MATERIAL SHOWN:
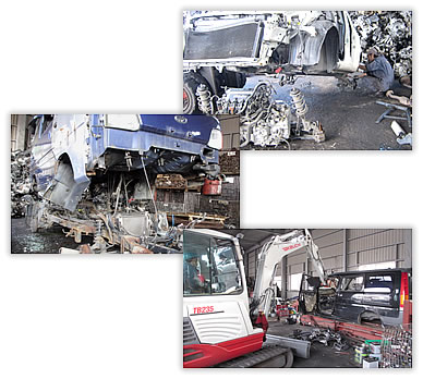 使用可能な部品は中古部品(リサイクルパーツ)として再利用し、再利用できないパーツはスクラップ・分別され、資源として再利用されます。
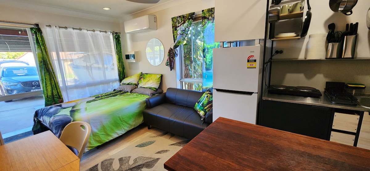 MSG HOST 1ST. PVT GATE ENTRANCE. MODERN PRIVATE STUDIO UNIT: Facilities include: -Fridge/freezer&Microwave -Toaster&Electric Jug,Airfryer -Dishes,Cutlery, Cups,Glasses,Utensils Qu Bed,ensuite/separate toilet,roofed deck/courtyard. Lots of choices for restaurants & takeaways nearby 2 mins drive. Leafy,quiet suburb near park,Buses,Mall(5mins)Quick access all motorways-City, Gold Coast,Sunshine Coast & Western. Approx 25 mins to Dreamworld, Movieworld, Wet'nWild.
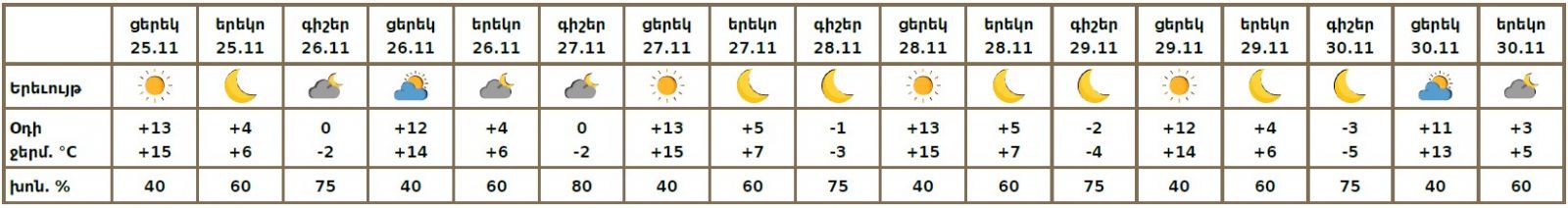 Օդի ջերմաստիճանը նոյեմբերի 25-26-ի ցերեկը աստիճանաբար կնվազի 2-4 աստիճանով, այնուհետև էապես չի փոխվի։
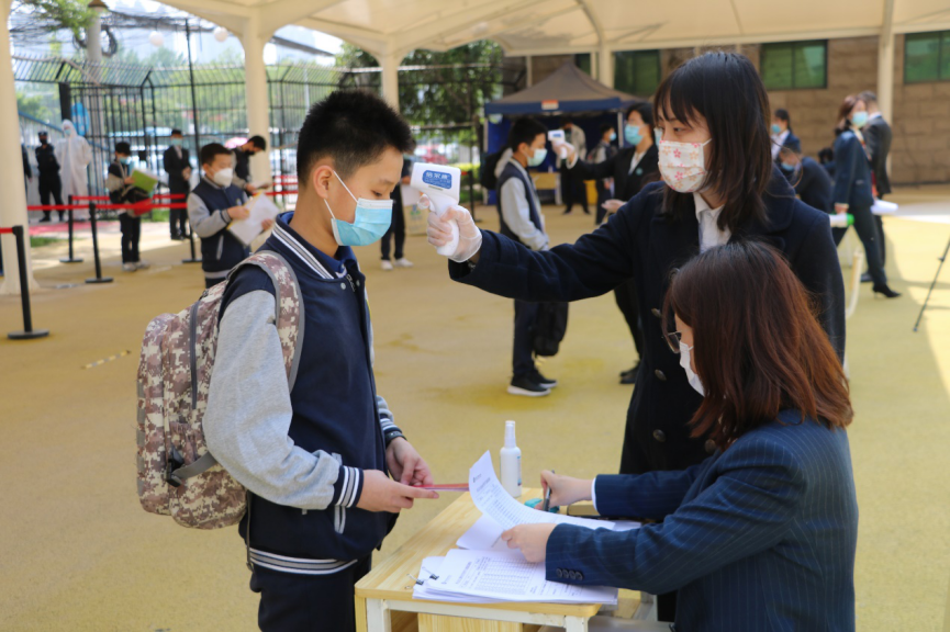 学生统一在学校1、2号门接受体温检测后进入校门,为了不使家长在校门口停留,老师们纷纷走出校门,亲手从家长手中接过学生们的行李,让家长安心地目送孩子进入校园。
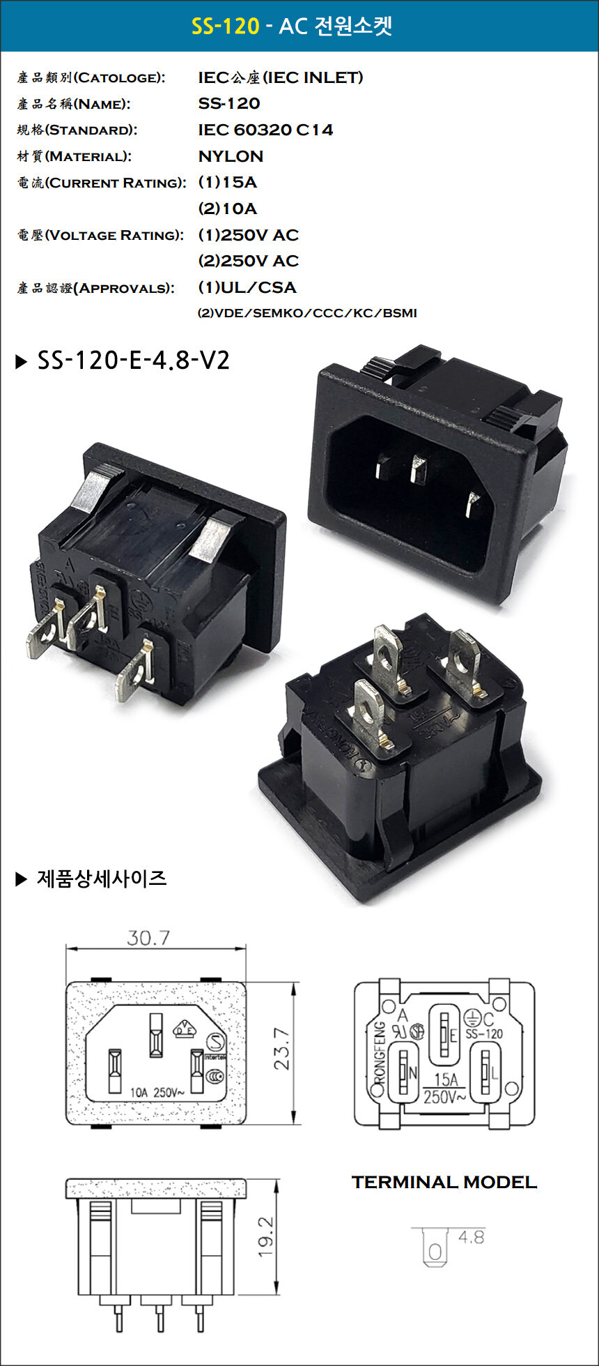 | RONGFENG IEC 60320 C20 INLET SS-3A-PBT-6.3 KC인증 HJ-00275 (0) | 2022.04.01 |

EXERCISE BRIEF:
Give the material again exactly as it is, but keep the pictures out.

ANSWER FOR THE TASK:
 使用可能な部品は中古部品(リサイクルパーツ)として再利用し、再利用できないパーツはスクラップ・分別され、資源として再利用されます。
 MSG HOST 1ST. PVT GATE ENTRANCE. MODERN PRIVATE STUDIO UNIT: Facilities include: -Fridge/freezer&Microwave -Toaster&Electric Jug,Airfryer -Dishes,Cutlery, Cups,Glasses,Utensils Qu Bed,ensuite/separate toilet,roofed deck/courtyard. Lots of choices for restaurants & takeaways nearby 2 mins drive. Leafy,quiet suburb near park,Buses,Mall(5mins)Quick access all motorways-City, Gold Coast,Sunshine Coast & Western. Approx 25 mins to Dreamworld, Movieworld, Wet'nWild.
 Օդի ջերմաստիճանը նոյեմբերի 25-26-ի ցերեկը աստիճանաբար կնվազի 2-4 աստիճանով, այնուհետև էապես չի փոխվի։
 学生统一在学校1、2号门接受体温检测后进入校门,为了不使家长在校门口停留,老师们纷纷走出校门,亲手从家长手中接过学生们的行李,让家长安心地目送孩子进入校园。
 | RONGFENG IEC 60320 C20 INLET SS-3A-PBT-6.3 KC인증 HJ-00275 (0) | 2022.04.01 |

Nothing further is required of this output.